Here the types of nodes are not the same as in YAML AST. In YAML AST types of nodes say only about what is written in YAML. But in our AST types of nodes are semantical and domain-specific. The reference to b is recognized and searched in the index and populated. Also in YAML AST the nodes within the dict are at the same level, but in our AST there are multiple nested nodes. And the way they are nested cannot be changed, if one swaps nestedness, he will get nonsense. So the parser has correctly determined which syntactic features belong to which node and on which order they must be nested. In my handcoded parser it is done via a series of functions applied to each dict, and the order the functions are applied determines which type of node must be closer to the root of the YAML AST subtree.

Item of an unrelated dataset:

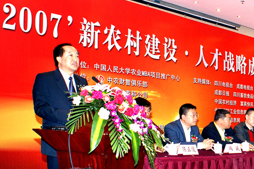 2007新農村建設·人才戰略成都報告會(huì ),四川省畜科飼料有限公司董事長(cháng)鄺聲耀先生在會(huì )上發(fā)言。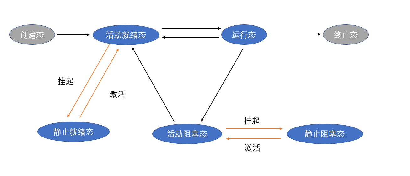 | 活动阻塞态→ 静止阻塞态 | 操作系统根据当前资源状况和性能要求,可能会把活动阻塞态对换出去,成为静止阻塞态。 |

But I don't like handcoded parsers, they are not easy to read and not easy to port.

Basically my grammar above YAML in natural language can be described as the following statements:

Basically the idea described in this issue is to have

YAML is just an example. JSON-like markup languages, such as MsgPack, CBOR, ubjson and rison, have almost (i.e. float and int instead of just Number) the same i.e. there may be multiple types for numbers) AST. For other langs, like csv, the similar logic applies.